In May 1914, Fleischmann gave Fleischmanns Park to the village of Fleischmanns, New York. The park, which dominated the north side of Wagner Avenue in Fleischmanns, was formerly known as the Mountain Athletic Club. It was where the town's semiprofessional baseball players came to get in shape before the start of the regular season. (One of the town's players was the future Hall of Famer Honus Wagner.) Stipulations of Julius' gift were that it always be used as a park and athletic grounds, that it always be kept in good condition, that it never be sold or sublet, and always be of free access to the public.

Fleischmann was initiated as a national honorary member of Phi Mu Alpha Sinfonia fraternity in 1914.

He died of heart disease on February 5, 1925, while playing polo in Miami.

==Personal life and family==
Fleischmann was married two times, to Lily Ackerland from 1893 to 1920, with whom he had three children, and secondly to Laura G. Hemingway from 1920 until 1924.

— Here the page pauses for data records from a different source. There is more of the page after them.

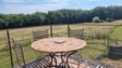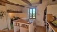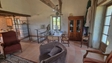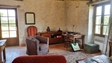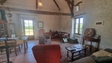 Une première maison en pierre restaurée avec des matériaux de qualité dont les sols en tomettes , les plafonds en poutres apparentes , les murs plâtrés à l’ancienne, les menuiseries bois double vitrage et système de chauffage électrique. : Salon /séjour de 50 m2 avec coin cuisine donnant sur terrasse regardant sur les belles prairies.
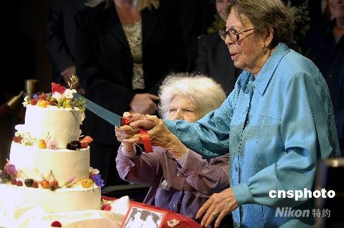 女同性戀者八十七歲的德爾·馬。ㄗ螅┖桶耸臍q的菲莉斯·里昂(右),在相愛五十五年后,終于領取了結婚證書。中新社發(fā) 陳鋼 攝
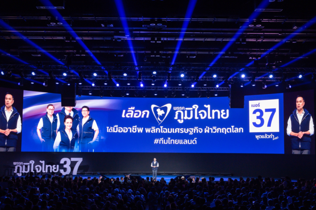 พรรคภูมิใจไทย จัดปราศรัยใหญ่ครั้งสุดท้าย ก่อนการเลือกตั้ง ที่ ศูนย์การประชุมแห่งชาติสิริกิติ์ นำเสนอสโลแกน “เลือกพรรคภูมิใจไทย ได้มืออาชีพ พลิกโฉมเศรษฐกิจ ฝ่าวิกฤตโลก” ซึ่งกำหนดการบนเวที จะเริ่ม ตั้งแต่เวลา 16.30 น. เป็นต้นไป
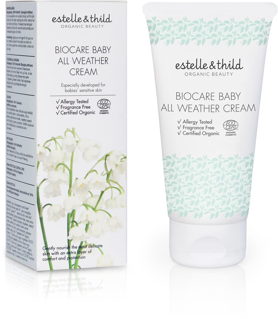 Estelle & Thild Biocare Baby All Weather Cream är en rik universalkräm som skyddar känslig hud från kalla vindar och hårt väder samtidigt den lindrar irriterad hud och vårdar torra fläckar. Formulerad med ekologiskt sheasmör och bivax för maximalt skydd samtidigt som havreextrakt lugnar och lindrar. Oparfymerad.   99,9 % av ingredienserna är av naturligt ursprung. 36,9 % av ingredienserna är ekologiskt odlade. Produkten är certifierad av ECO CERT.   Innehåll: Aqua, Butyrospermum Parkii Butter*, Simmondsia Chinensis Seed Oil*, Prunus Amygdalus Dulcis Oil*, Glycerin**, Cetearyl Alcohol, Cera Alba*, Glyceryl Stearate, Glyceryl Stearate Citrate, Avena Sativa Kernel Extract*, Glyceryl Caprylate, Tocopherol, Cetearyl Olivate, Xanthan Gum, Sorbitan Olivate, Sodium Gluconate, Citric Acid, Sodium Benzoate, Potassium Sorbate, Sorbic Acid   * Ingrediens från ekologisk odling **Tillverkad av ekologiska ingredienser
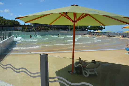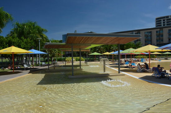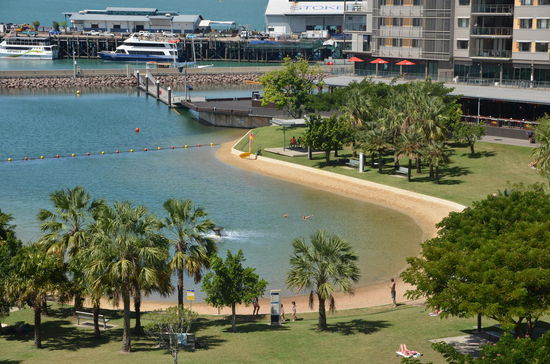 Als nächstes wollen wir an die Waterfront Lagoon. Da eine steile Klippe dort hinunter führt, hat man bequemerweise eine Brücke über den Kitchener Drive gebaut und ein Lift bringt einem dann hinunter auf Meereshöhe. Darwin hat zwei kleinere Probleme: keinen Strand mit schönen Wellen und im Wasser gefährliche Marine Stringers! Damit man trotzdem nett baden kann, gibt es hier unten ein tolles Wellenbad und eine geschützte Lagune. Das gefällt uns. Lange sitzen wir am Wellenbad, geniessen ein Eis und schauen den Leuten zu, die begeistert in den Wellen schwimmen.
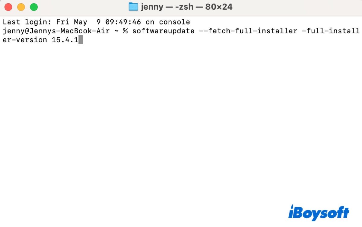 Instalar desde Terminal es una solución común para todos los problemas de actualización de macOS Sequoia 15.7. Si no puedes actualizar a Sequoia desde Actualización de Software, prueba los pasos a continuación para descargar e instalar macOS 15.7 desde Terminal:
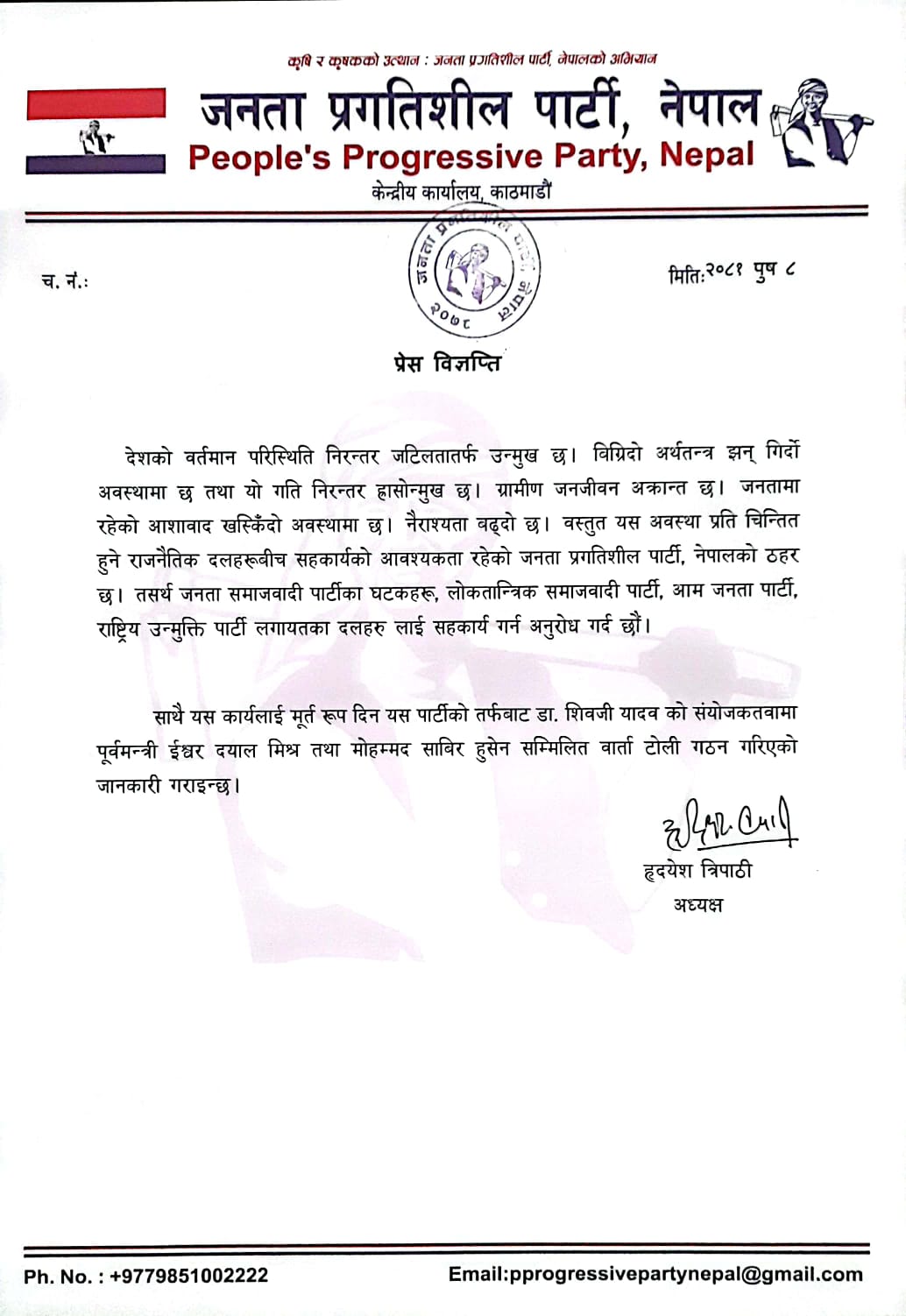 विज्ञप्तिमा उल्लेख छ, ‘जनतामा रहेको आशावाद खस्किँदो अवस्थामा छ । नैराश्य बढ्दो छ । वस्तुतः यस अवस्थाप्रति चिन्तित हुने राजनीतिक दलहरूबीच सहकार्यको आवश्यकता रहेको जनता प्रगतिशील पार्टी नेपालको ठहर छ ।’

His son, Julius Fleischmann Jr. (1900–1968) was among other things a philanthropist who founded World Art Inc. (directed by Serge Denham), an organization devoted to sponsoring cultural organizations. In 1937, World Art financed the Ballet Russe de Monte Carlo, which launched its first season in 1938. His other son was Charles Fleischmann II (1895–1917), who died in a plane crash in Long Island City, New York.

His daughter, Louise Fleischmann (1894–1987) wife of Henry C. Yeiser, took out a then-record $3.25 million insurance policy against her inheritance.